Les neufs chevaliers étaient présents. Elle reconnut Joan qui, avec un sourire forcé et quelque peu gêné, lui bloquait la sortie. Heytor, le chevalier à l'air sévère, invita les deux à s'asseoir et fit signe aux autres de s'éloigner. L'interrogatoire commença. 

****

-À droite ! 

         Makerost brandit son épée vers sa gauche juste avant qu'il ne la voie lui échapper des mains. L'arme de Fran avait dévié de sa trajectoire initiale pour attaquer l'autre côté. Makerost se courba, penchant la tête et respirant avec peine. Il s'entraînait depuis une heure environ, mais il se trouvait toujours aussi faible. Entre deux inspirations, il félicita son partenaire d'exercice :

-J'avais compris votre droite, pas la mienne.

-C'est normal, répondit Fran. Je l'ai fait exprès. Vous êtes distrait, mais surtout trop confiant. Pensez-vous réellement qu'un ennemi annoncera l'endroit où il va vous frapper ?

-Il dira l'inverse ?

-Non, il ne dira rien du tout. Il vous tuera puis passera au suivant. Et, malgré vos récents progrès, il ne risque pas d'avoir du mal à le faire si vous croyez toujours tout sur parole... Arrêtons-nous en là pour aujourd'hui. 

         Fran rangea son épée dans son fourreau en regardant le cadet de la famille Ensta ramasser la sienne. Le commandant était satisfait de l'amélioration notable de Makerost depuis que celui-ci lui avait demandé de lui enseigner le maniement des armes. Il l'avait transformé durant ces trois années de formation, passant du simple rat de bibliothèque érudit au combattant qu'il tentait de devenir. 

Cependant, cela ne semblait pas assez. Makerost avait atteint tout son potentiel et connaissait maintenant ses propres limites. Cela ennuyait Fran qui pensait que ce niveau de maniement des armes restait bien insuffisant. Ou alors, il en espérait trop du cadet Ensta. 

        Naturellement, depuis son plus jeune âge, Fran avait été désigné comme prodige. Enfant, il se battait déjà fort bien surpassant le niveau de ses aînés. Puis, une fois arrivé dans l'adolescence, il n'avait plus connu la défaite. 

Affrontant maîtres d'armes renommés et mercenaires aguerris, aucun n'avaient réussi à faire durer le combat qui se terminait généralement en deux passes. Il exécutait alors sa technique devenue célèbre : l'envol du martinet. Il s'agissait d'un coup d'estoc visant la main de l'adversaire suivi d'un moulinet accrochant la garde et arrachant la lame de son propriétaire. 
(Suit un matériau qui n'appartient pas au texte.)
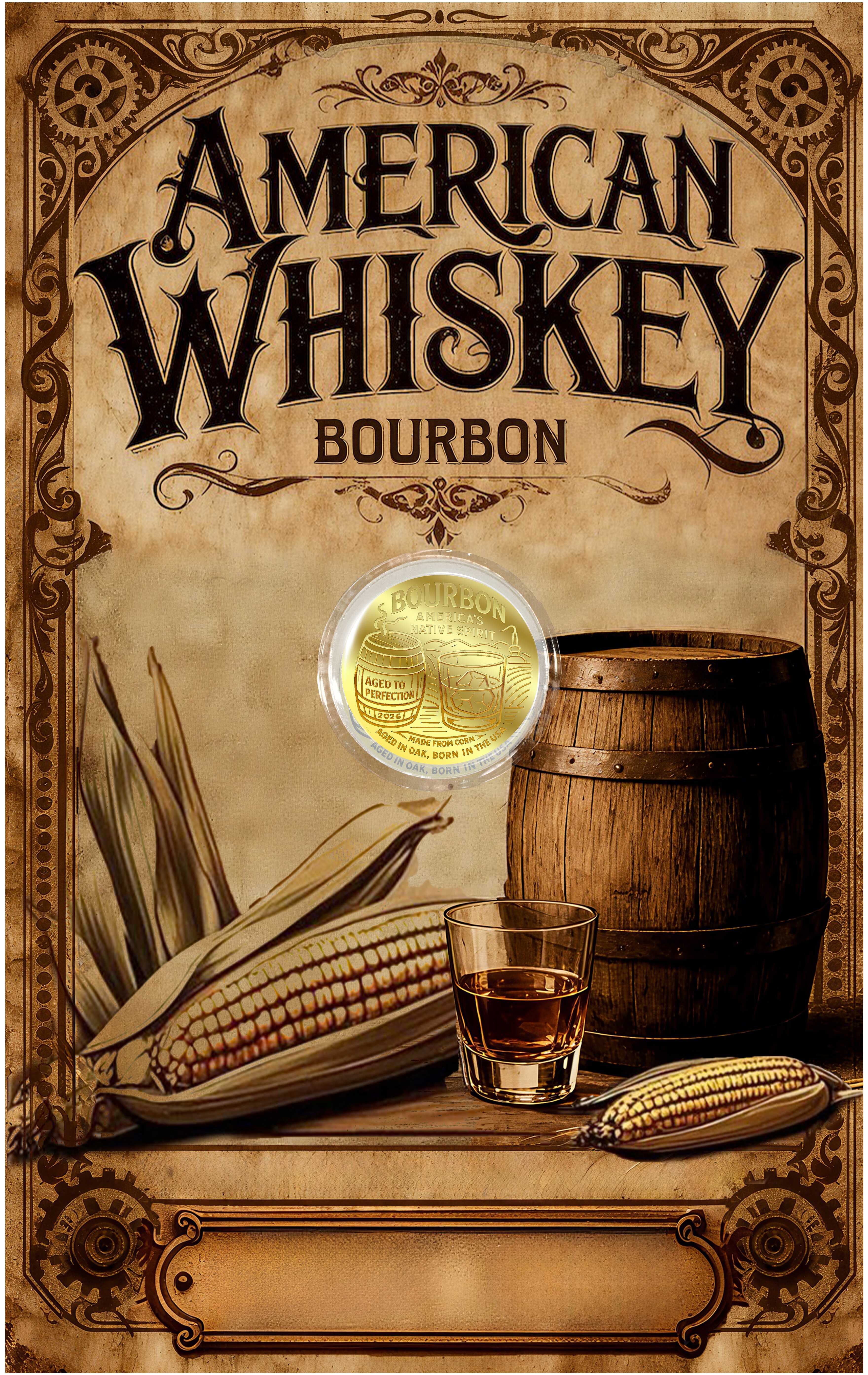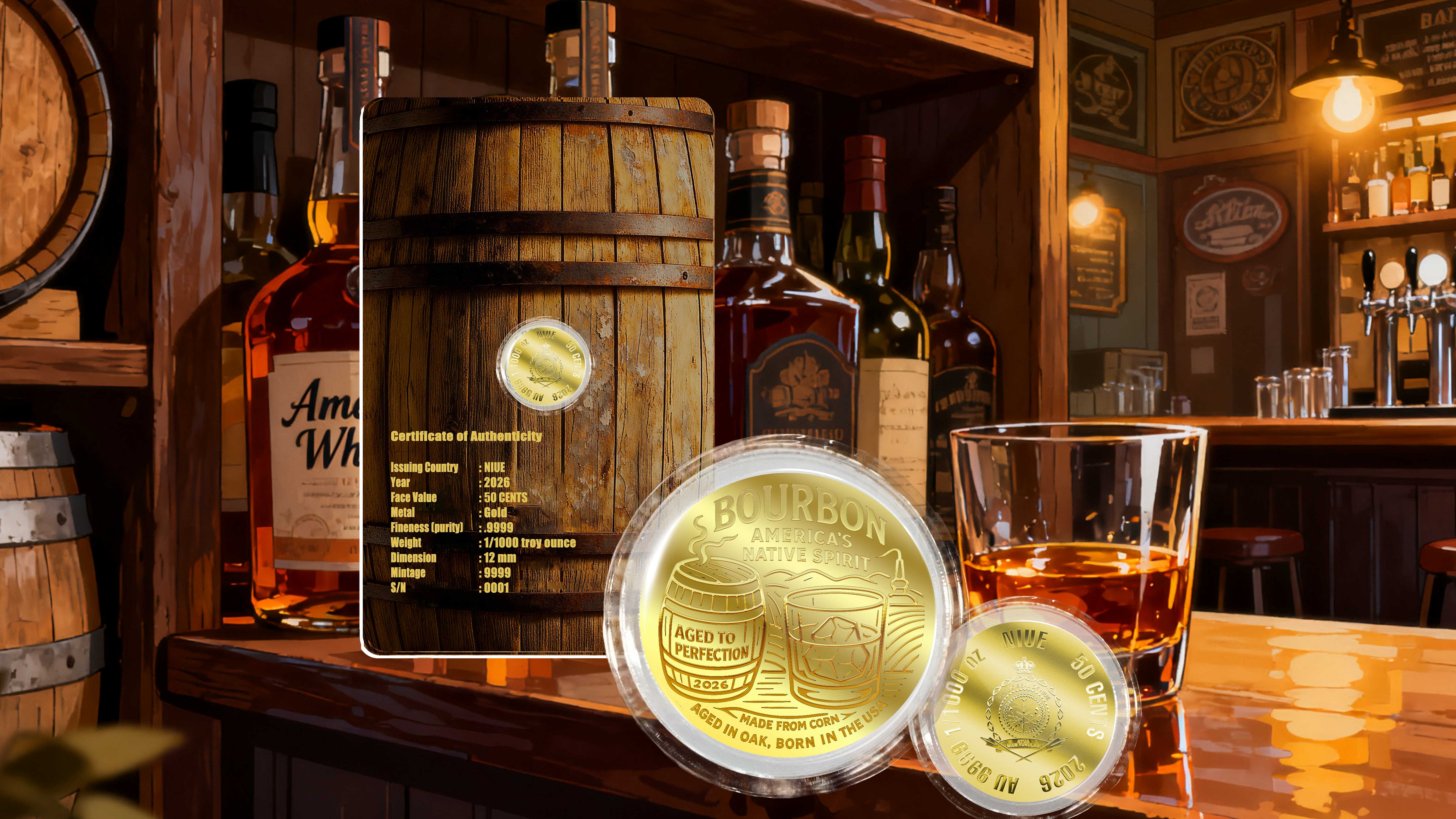This stunning 1/1000 oz Gold coin celebrates the rich heritage of American Whiskey, symbolizing craftsmanship and culture since the Whiskey Rebellion of 1791. Crafted from .9999 fine Gold, the coin features a classic design with a whiskey barrel and glass motif, paying tribute to America’s native spirit. It is presented in a themed card that includes an embedded Certificate of Authenticity, with a limited mintage of only 9,999. The reverse side of the coin showcases a detailed design dedicated to Bourbon, featuring the inscription “Aged to Perfection” alongside a whiskey barrel and glass, along with phrases like “MADE FROM CORN,” “AGED IN OAK, BORN IN THE USA,” and the year “2026.” The obverse displays the Public Seal of Niue, along with inscriptions indicating the issuing country, face value of “50 CENTS,” the year of issue “2026,” the fineness of Gold “AU 9999,” and the coin's weight “1/1000 OZ.”

Ce mouvement avait été baptisé ainsi par le seul chevalier qui eut tenu tête au commandant Anar, le capitaine Veyhnarte. Mais depuis, Fran n'avait plus jamais eu droit à un combat digne d'intérêt. Il regardait les yeux vides Makerost qui rentrait dans le donjon. Makerost s'arrêta :

-Vous ne venez pas, dit-il tirant le capitaine de sa rêverie. 

     Fran tourna la tête vers le blond. 

-Oui ? 

-C'est l'heure de la réunion du conseil. Venez-vous ? 

-J'arrive. 

****

-Donc, répéta Heytor, vous êtes deux fugitives de l'ouest...

-C'est ce que je vous dis depuis le début. 

       Le chevalier parut réfléchir un moment. Aurane eut un rictus, le soldat ne semblait pas croire à l'histoire que Laura lui racontait. Il était peut-être temps de dire la vérité. Après tout, ce camp n'était pas hostile à sa cause. Aurane se dégagea la gorge et voulut tout avouer. Toutefois, un léger coup de coude l'en dissuada. Laura était déterminée à garder leur identité secrète jusqu'au bout. 

-Je vois, fit Heytor. Le comte devrait venir dans peu de temps. Il décidera de votre sort. Je vous demanderai de ne pas quitter le village. Vous pouvez disposer. 

-Vous allez assigner un garde chez nous, soupira Laura, alors pourquoi nous demander de rester ? 

           La remarque frappa le chevalier comme un soufflet. Cependant, il ne répondit rien devant cette insolence. Lorsque les deux femmes quittèrent l'auberge, il ordonna un soldat pour garder les inconnues. Il ne leur faisait pas confiance. Sa raison principale était leur comportement. Même si l'adolescente faisait de son mieux pour paraître humble, son aînée avait toujours été hautaine avec lui. 

Il connaissait bien cette attitude prétentieuse. Elle était typique des nobles, trop habitués à toujours obtenir ce qu'ils veulent. Néanmoins, quelque chose perturbait le chevalier à son sujet. La prestance de Laura la rendait autoritaire et impressionnante. Pourtant, il n'avait jamais été surpris et ne s'était jamais inquiété ni même devenu anxieux en sa présence. Plus étrange encore, qu'était ce sentiment de paix qui s'installait dès qu'il la voyait. Comme s'il la connaissait déjà, et l'avait côtoyée à plusieurs reprises. Méditant encore, il se leva enfin de table et sortit se rafraîchir les idées. 

-Laura, hein...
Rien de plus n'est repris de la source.